Atherosclerosis and Venous Disorders Quiz

Questions and Answers

Which symptom is commonly associated with deep vein incompetency?

Dizziness

Inflammation (correct)

Shortness of breath

Nausea

What is considered a threshold value for venous inflow to keep pace with ejection from deep veins?

40 mmHg

50 mmHg

20 mmHg

30 mmHg (correct)

Which method is recommended for diagnosing post-thrombotic disease when intervention is planned?

Venography (correct)

Physical examination

Ultrasound

CT scan

Which of the following factors is NOT considered a potential cause of aneurysms?

Frequent exercise

What type of aneurysm occurs in the brain?

Cerebral aneurysm

What is a characteristic feature of unstable atherosclerotic plaques?

Thin fibrous cap and large lipid cores

Which type of atherosclerotic lesion is characterized by the presence of macrophage foam cells?

Type I

Which type of lesion represents the intermediate stage between fatty streaks and atheromas?

Type III

What is the primary constituent of the fibrofatty plaques found in atherosclerosis?

Lipid and necrotic debris

How do stable plaques typically present compared to unstable plaques?

They are asymptomatic.

Which type of atherosclerotic lesion consists of thick layers of fibrous connective tissue?

Type V

What primarily drives atherogenesis in the development of atherosclerosis?

Endothelial cell dysfunction

What is the primary role of the renin-angiotensin system in blood pressure regulation?

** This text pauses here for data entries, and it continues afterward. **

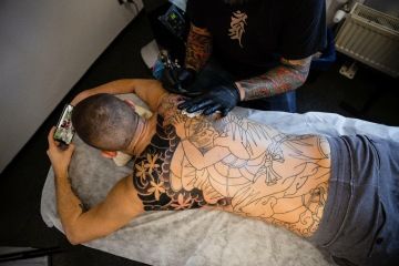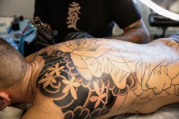 I used to be afraid to draw directly on the skin, because I wanted everything to be perfect. So I used to made stencils, but I found for me It almost never fit the body properly. For instance, when you draw a samurai, the proportions you'd draw on paper are not the same as on the human body. It has to go down to the back of the legs and you are on this 3D form so the proportions change. I drew on the backgrounds for many years but would make a stencil of the main image. Several years ago, I began doing 100% freehand tattoos, and I saw immediate improvement. The body tells you where to put things, you can see it on the body. You see what's gonna look good. For instance, which way the body of a snake should flow on the arm is dictated by the person’s muscles and curves. The body tells you what to do if you pay attention. But you also have to be prepared, practise a lot and be comfortable with the images. If you don't know how to draw dragon on paper you will probably not draw a dragon very well on the body.
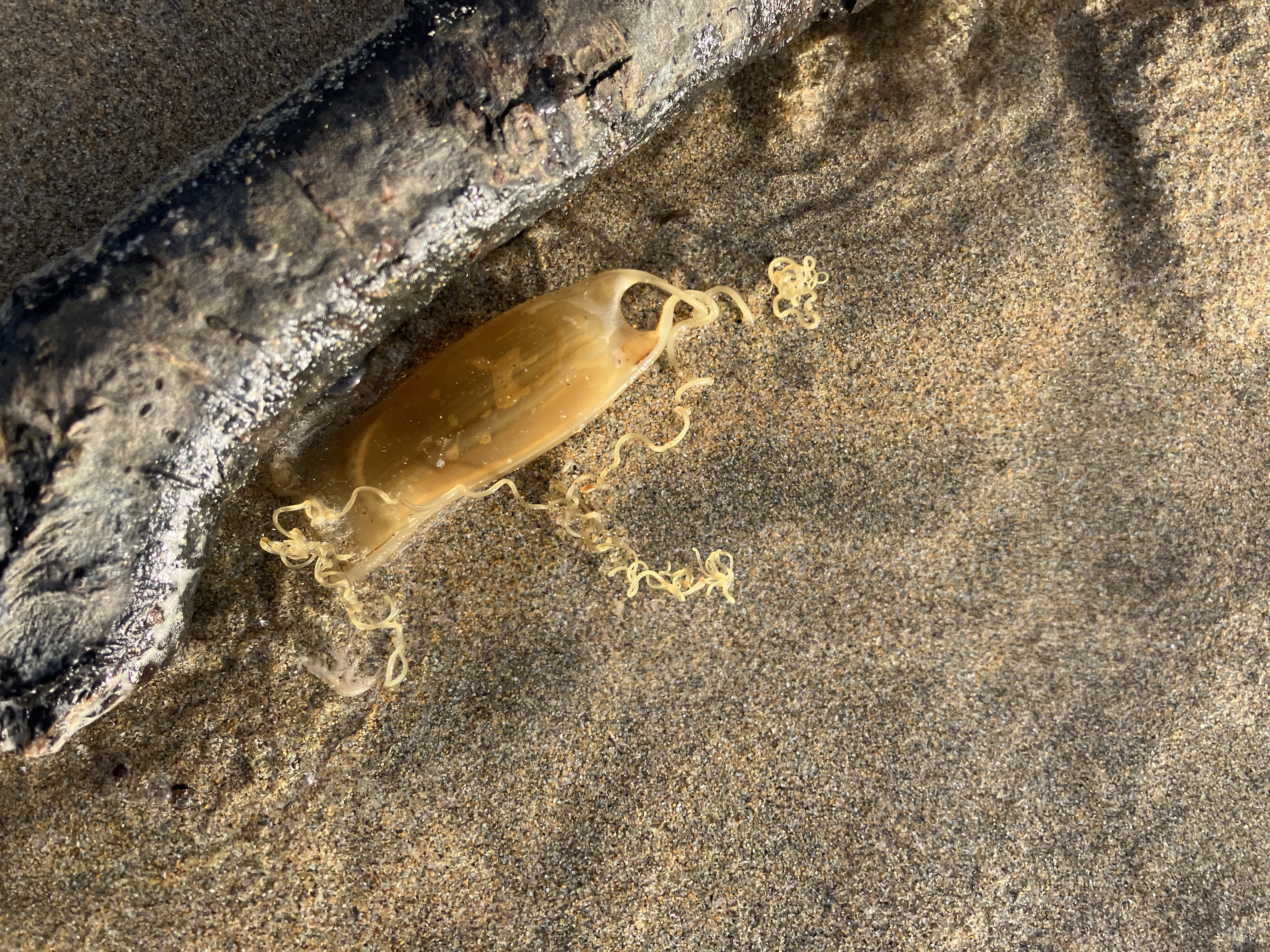 It was a glorious day last Sunday so time to get outdoors. After a pitstop at Windmill Farm (see here), we sat down at Kennack Sands Beach. I brought my scuba kit as I wanted to have a little looksee under water. I could not find any (shore)diving reports on this location, but I had snorkeled here a few times before and it looked interesting, a serpentine reef parting the beach in two. The tide was high and there was a bit of a swell so it took some swimming out – even so I never got any deeper than seven meters. I was a bit disappointed at first: the sands were shifting and there was no chance of finding interesting flatfish or molluscs there, the rocks has furbelows kelp on them but otherwise nothing too special. I then found a slightly deeper gully and took a closer look at the rocks and found loads of interesting little things, even two tiny dead man’s fingers soft coral!
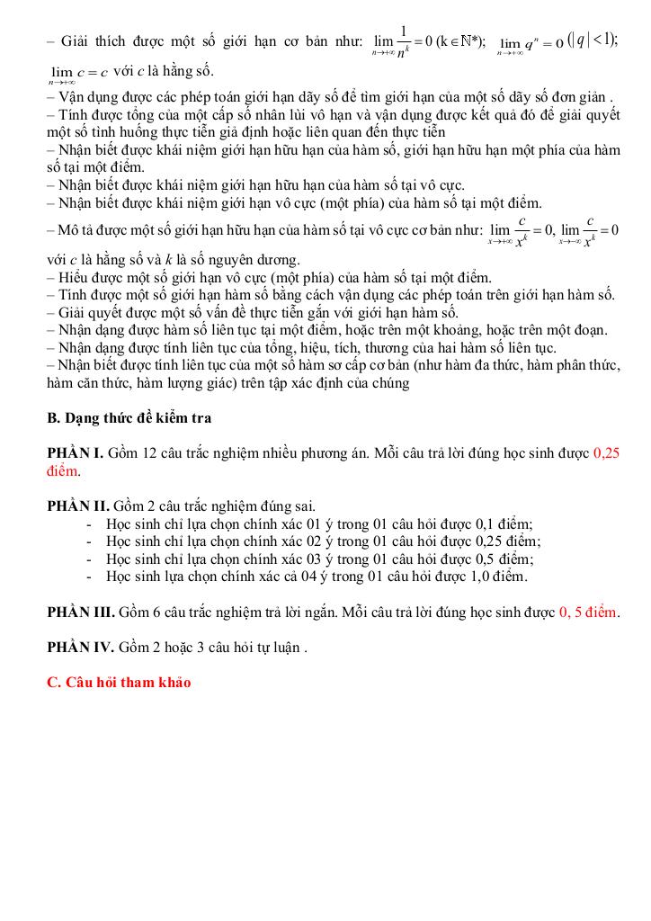 – Nhận biết được tính liên tục của một số hàm sơ cấp cơ bản (như hàm đa thức, hàm phân thức, hàm căn thức, hàm lượng giác) trên tập xác định của chúng.
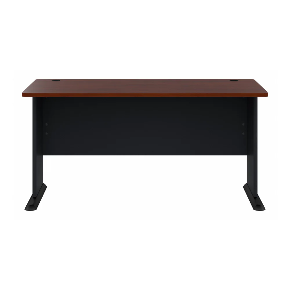 Convenient and comfortable with just the right amount of workspace, the Bush Business Furniture Series A 60W Desk has the commercial quality you need for years of productivity. The durable thermally fused laminate surface fends off scratches and stains while providing room to spread out. Rugged edge banding and thick end panels resist damage as sturdy feet with adjustable levelers ensure stability. The comfortable C-leg design offers loads of legroom, and wire management grommets organize cables to keep them out of your way. The Office Desk accepts a coordinating Hutch, Mobile File Cabinets, Keyboard Tray or Pencil Drawer (all sold separately). Series A completes your multi-person workspace, classroom, home office or anywhere in between with a variety of configuration options. Featuring multiple two-tone finishes and contemporary styling, this commercial office furniture adapts to your surroundings. Customize any environment with a full line of affordable products, all backed by a 10 Year Warranty. Series A withstands the rigors of a 40-plus hour week and meets ANSI/BIFMA quality test standards. American made with U.S. and imported parts.
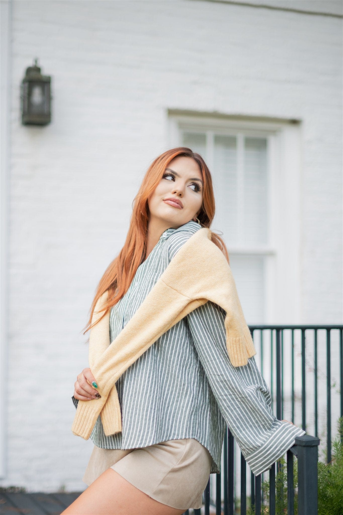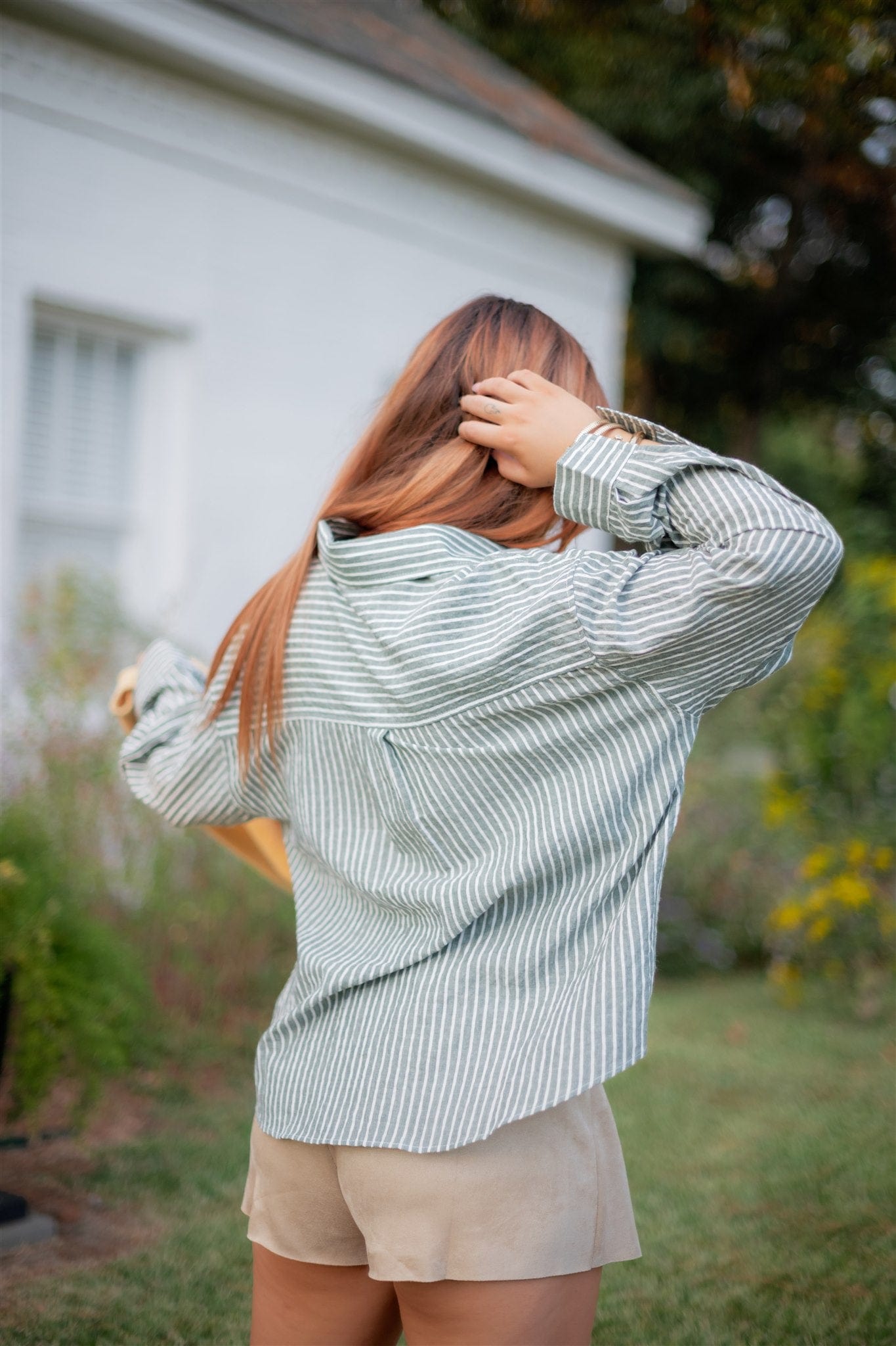 Crafted for the discerning wardrobe, this green striped button-up blouse features a refined collar and long sleeves, embodying a perfect balance between structure and ease. Its flowy, relaxed fit allows for seamless layering during the fall, offering both comfort and versatility. Ideal for elevating seasonal ensembles, this blouse pairs well with tailored pieces or casual layers, making it an expert addition to your collection.
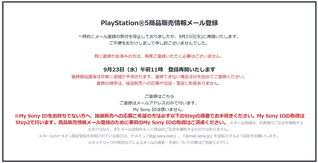 抽選販売の手続きは9月23日(水)11時から開始。サインインやMy Sony IDの取得は不要。
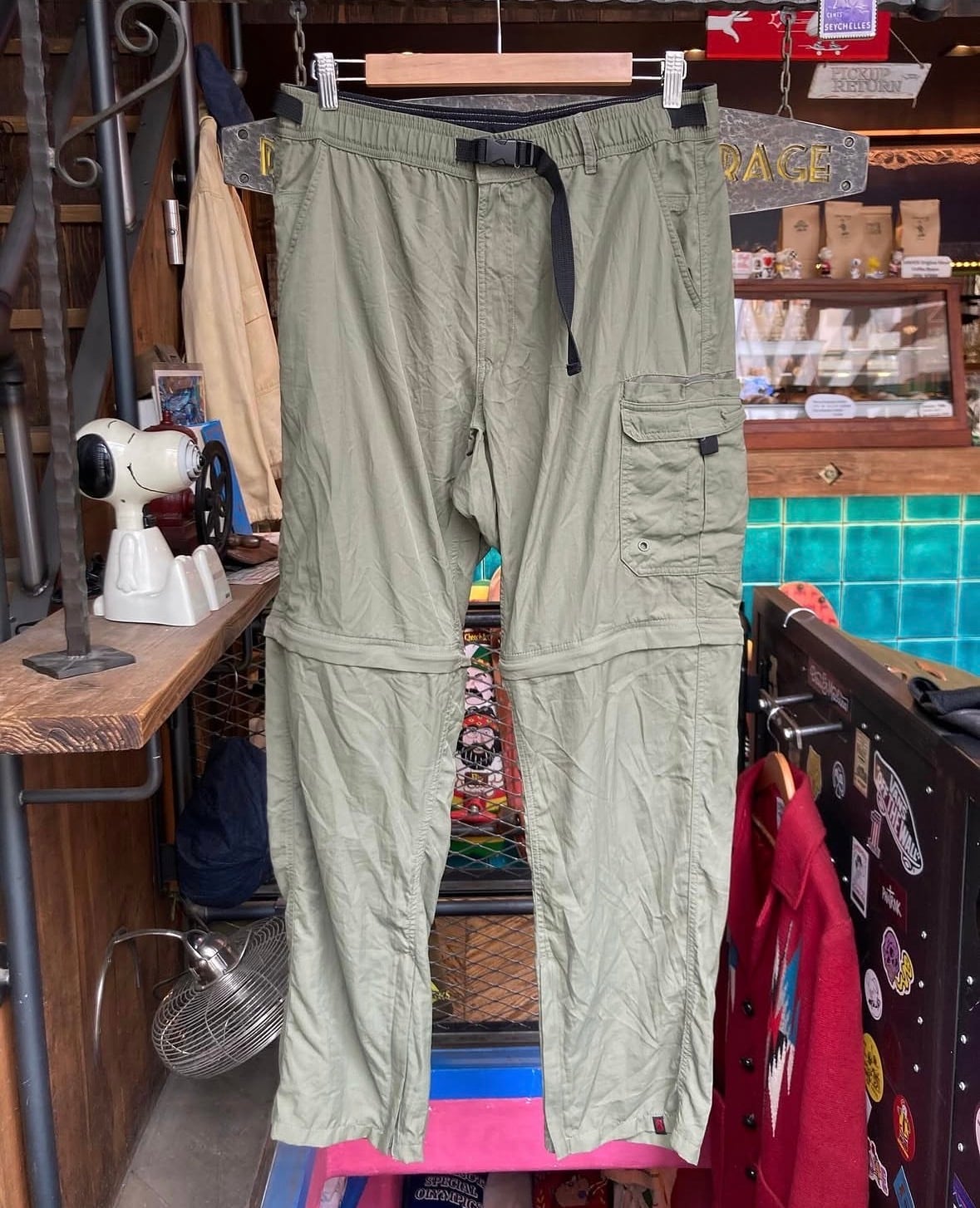 ウエストはスナップボタンとジップ仕様ですが、アジャスターベルト付きなのでぎゅっと絞れば女性の方でもお召しいただけます。

Raising blood pressure by increasing peripheral resistance and blood volume

Which condition is least likely associated with dysfunction in the renal excretory function?

Hyperthyroidism

What is a common etiology of vasculitis?

Immune complex deposition

In which situation would increased renal blood flow be compensatory?

Impairment of renal excretory function

Which of the following endocrine disorders is characterized by adrenocortical hyperfunction?

Cushing syndrome

Which of the following factors is NOT involved in the etiology of hypertension?

Decreased plasma volume

Which type of vasculitis typically affects specific vessels based on caliber and location?

Systemic vasculitis

What is a recognized mechanism underlying non-infectious vasculitis?

Antineutrophil cytoplasmic antibodies

Which hormone can inhibit sodium reabsorption and the renin-angiotensin system?

Natriuretic peptide

What is the most common congenital cardiac disease identified?

Ventricular septal defect (VSD)

Which congenital cardiac disease accounts for 8% of cases?

Pulmonary stenosis (PS)

Which of the following changes in plaque can lead to acute myocardial infarction?

Rupture/fissuring of plaque

At what level of coronary artery obstruction do symptoms likely occur even at rest?

90%

What percentage of congenital cardiac diseases does coarctation of the aorta represent?

5%

Which statement correctly describes the role of vasospasm in ischemic heart disease?

It is a reversible phenomenon.

Which congenital defect has the same prevalence as truncus arteriosus (TA)?

Total anomalous pulmonary venous connection (TAPVC)

Which of the following conditions is characterized by giant cell granuloma affecting mainly the temporal arteries?

Giant cell (temporal) arteritis

What is NOT a consequence of acute plaque change?

Blood vessel dilation

What is the primary issue that leads to ischemic heart disease (IHD)?

Diminished coronary perfusion

Which condition is known to primarily affect young children and involves the coronary arteries?

Kawasaki disease

What type of vasculitis is characterized by necrotizing fibrinous inflammation affecting medium-sized arteries?

Polyarteritis nodosa

Which of the following is a common outcome associated with myocardial infarction?

Chronic heart failure

Which of the following conditions is associated with segmental thrombosing inflammation in heavy smokers?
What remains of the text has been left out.